• _Task brief_
Set the listing down exactly; no pictures.

• _Dataset excerpt_
········

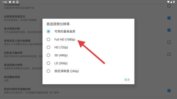 3、點擊首選視頻分辨率或類似名稱,如畫面質(zhì)量,彈出選項點擊最高的即可。
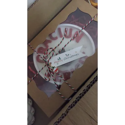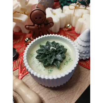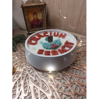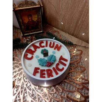 Lumânare din ceara de soia parfumată,cu decor specific de Crăciun. Turnată în recipient din praf ceramic. Totul este lucrat manual,personalizabil. Produsul vine ambalat ca în poză.
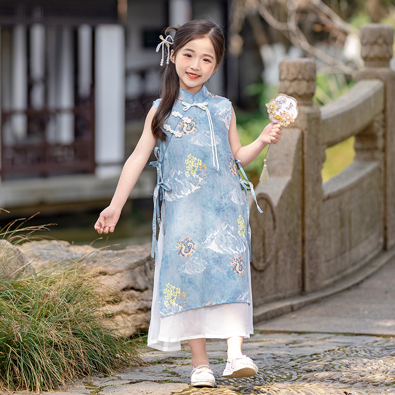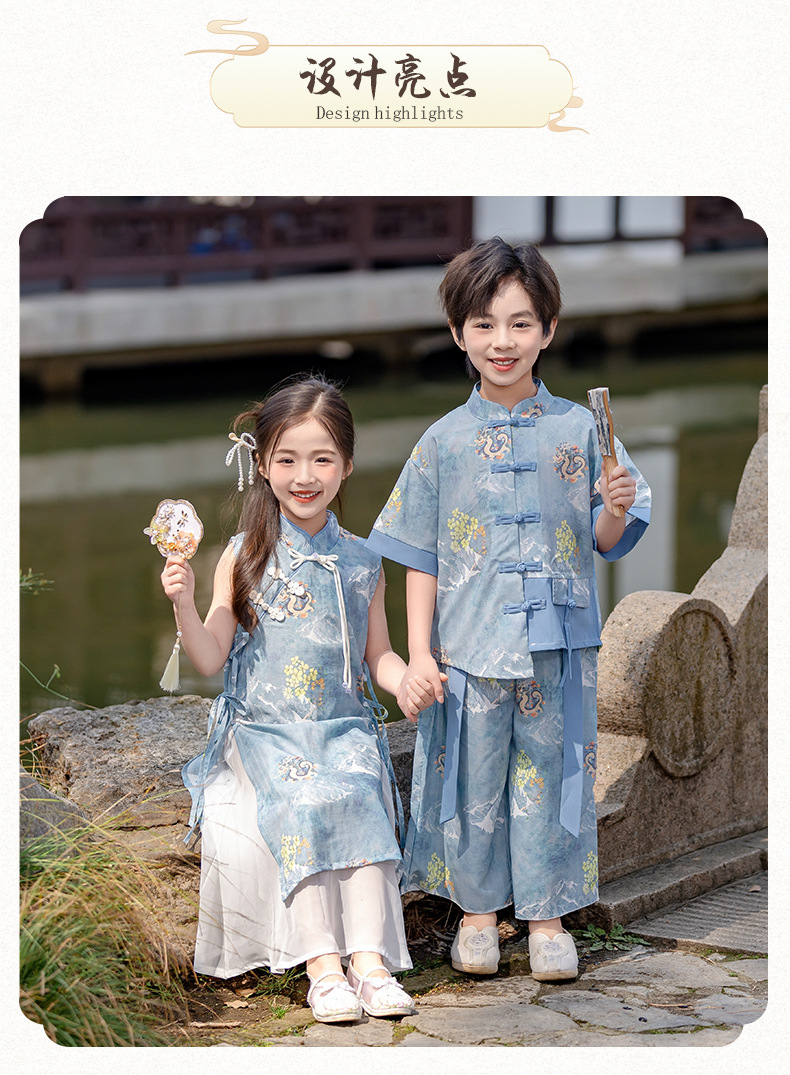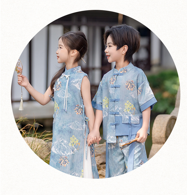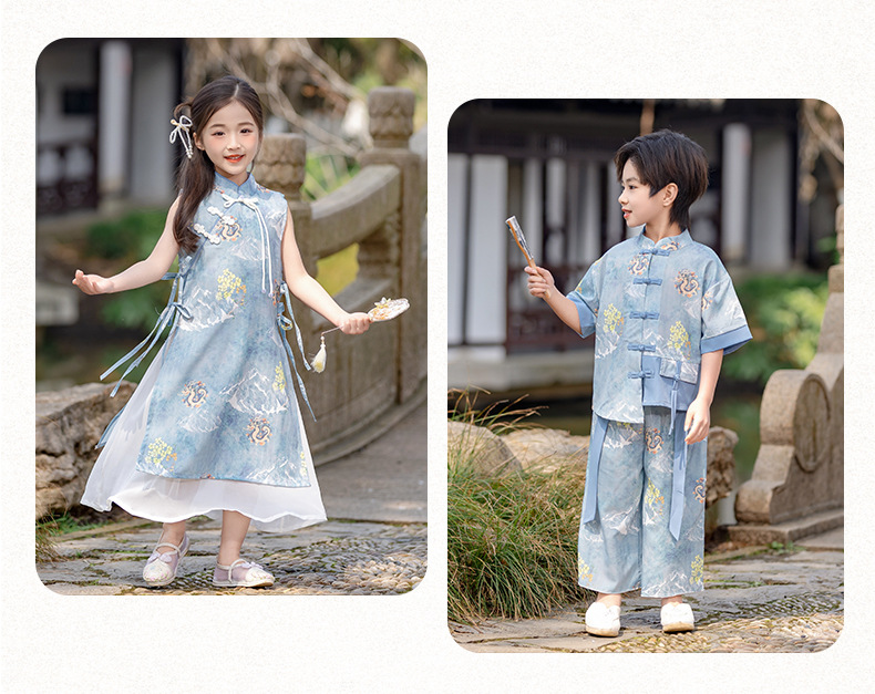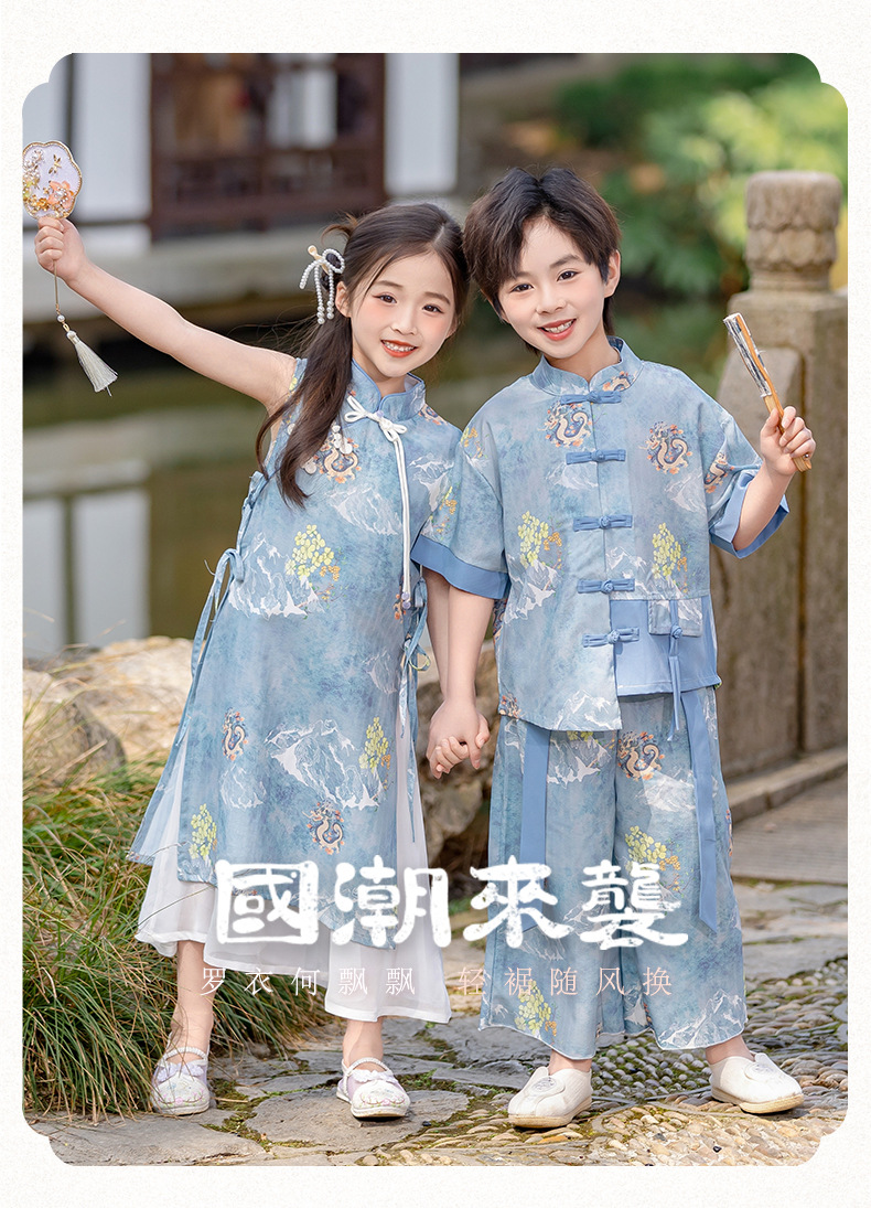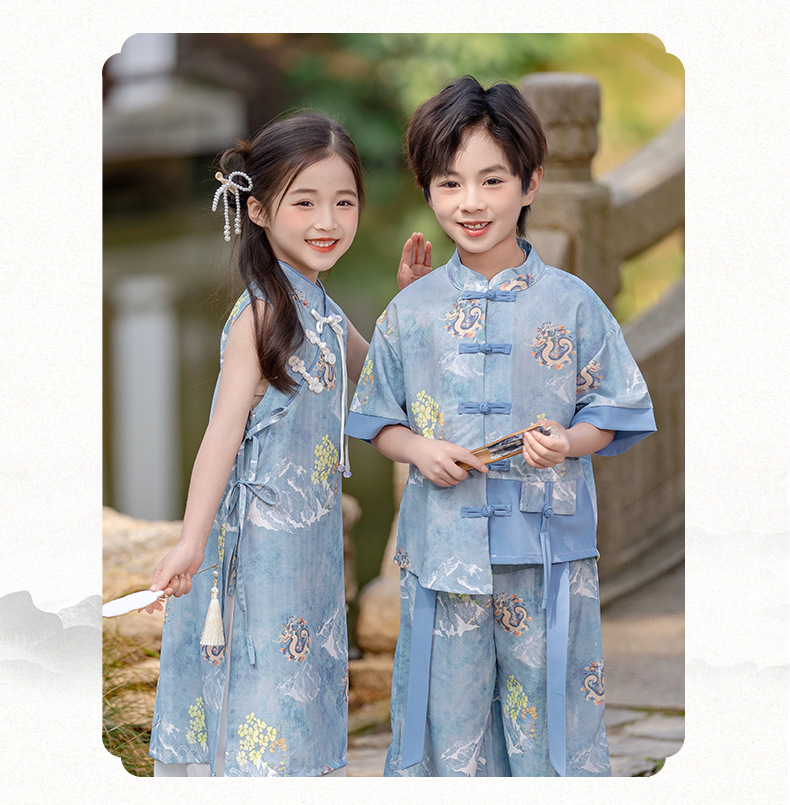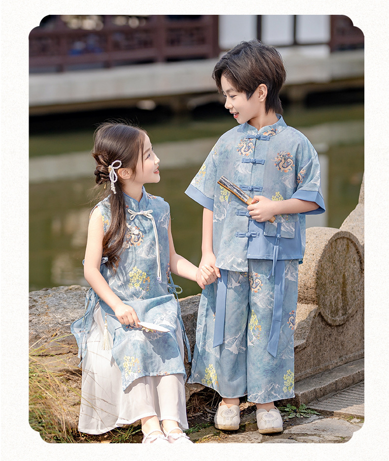 소년 소녀를위한 소녀 청삼 스커트 어린이 새로운 중국 한후 여름 중국 스타일 탕 세트 고대 세트 고대 스타일 공연 패션스토어 가기

········

• _Response to the task_
 3、點擊首選視頻分辨率或類似名稱,如畫面質(zhì)量,彈出選項點擊最高的即可。
 Lumânare din ceara de soia parfumată,cu decor specific de Crăciun. Turnată în recipient din praf ceramic. Totul este lucrat manual,personalizabil. Produsul vine ambalat ca în poză.
 소년 소녀를위한 소녀 청삼 스커트 어린이 새로운 중국 한후 여름 중국 스타일 탕 세트 고대 세트 고대 스타일 공연 패션스토어 가기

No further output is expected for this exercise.